_PROBLEM REQUIREMENTS_
Print the line containing "As you saw from", then every line after it through the end of the material, exactly as written and without pictures.

_SUPPLIED INFORMATION_
- - -

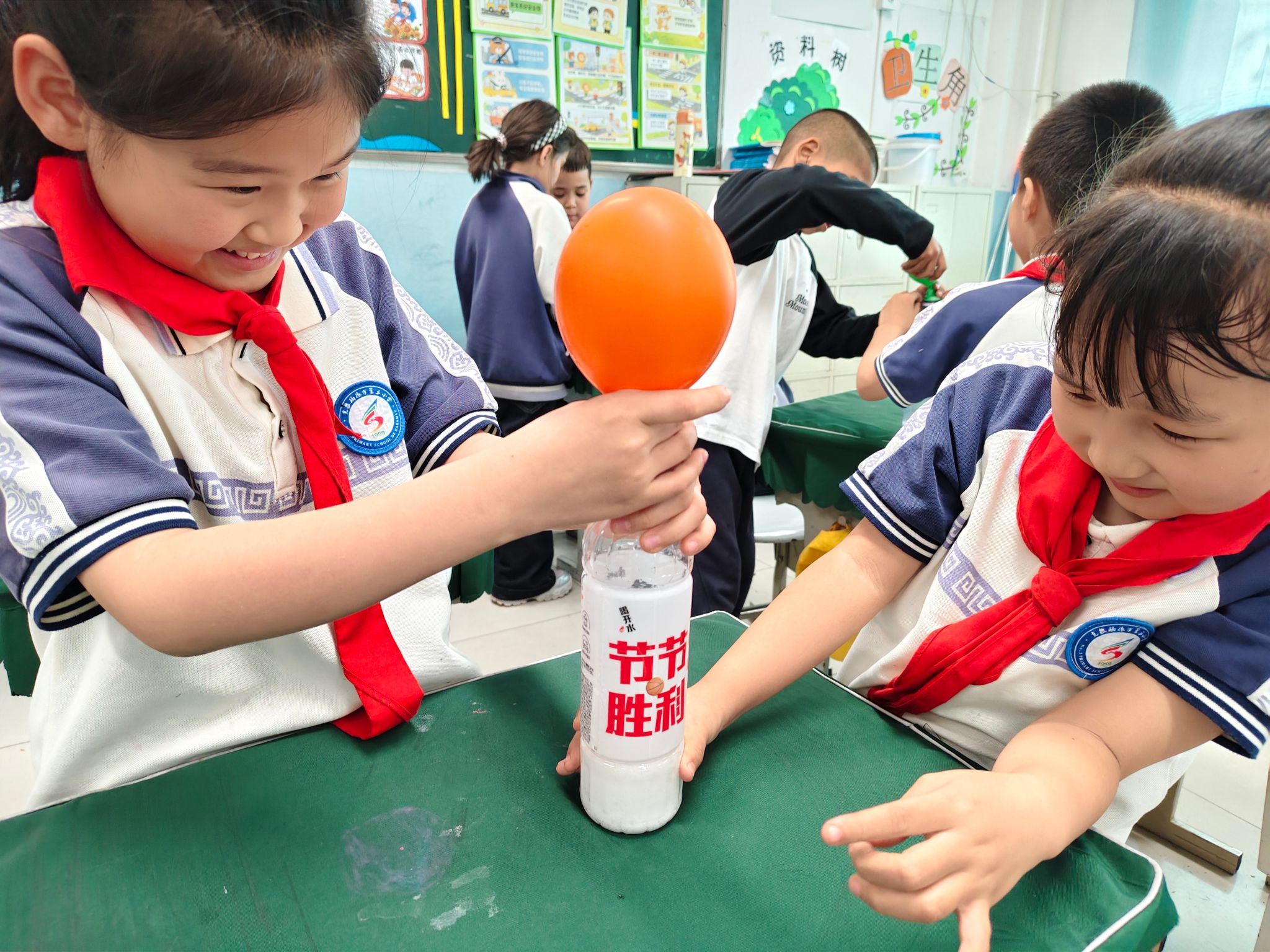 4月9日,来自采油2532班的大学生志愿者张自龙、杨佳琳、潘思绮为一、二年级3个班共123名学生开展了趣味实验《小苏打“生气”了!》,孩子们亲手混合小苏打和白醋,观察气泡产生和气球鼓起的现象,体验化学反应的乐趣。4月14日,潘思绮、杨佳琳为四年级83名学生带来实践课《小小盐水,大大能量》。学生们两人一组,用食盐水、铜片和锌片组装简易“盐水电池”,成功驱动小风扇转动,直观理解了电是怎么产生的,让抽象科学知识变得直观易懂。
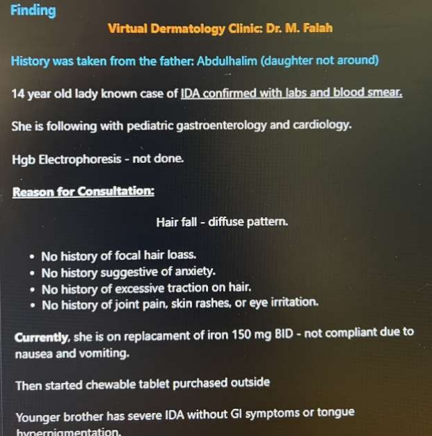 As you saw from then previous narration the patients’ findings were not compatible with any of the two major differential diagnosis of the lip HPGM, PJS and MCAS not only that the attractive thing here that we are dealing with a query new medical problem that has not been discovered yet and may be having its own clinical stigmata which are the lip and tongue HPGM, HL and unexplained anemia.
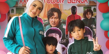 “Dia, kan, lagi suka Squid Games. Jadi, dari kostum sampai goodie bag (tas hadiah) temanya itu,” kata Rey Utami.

- - -

_SOLUTION_
 As you saw from then previous narration the patients’ findings were not compatible with any of the two major differential diagnosis of the lip HPGM, PJS and MCAS not only that the attractive thing here that we are dealing with a query new medical problem that has not been discovered yet and may be having its own clinical stigmata which are the lip and tongue HPGM, HL and unexplained anemia.
 “Dia, kan, lagi suka Squid Games. Jadi, dari kostum sampai goodie bag (tas hadiah) temanya itu,” kata Rey Utami.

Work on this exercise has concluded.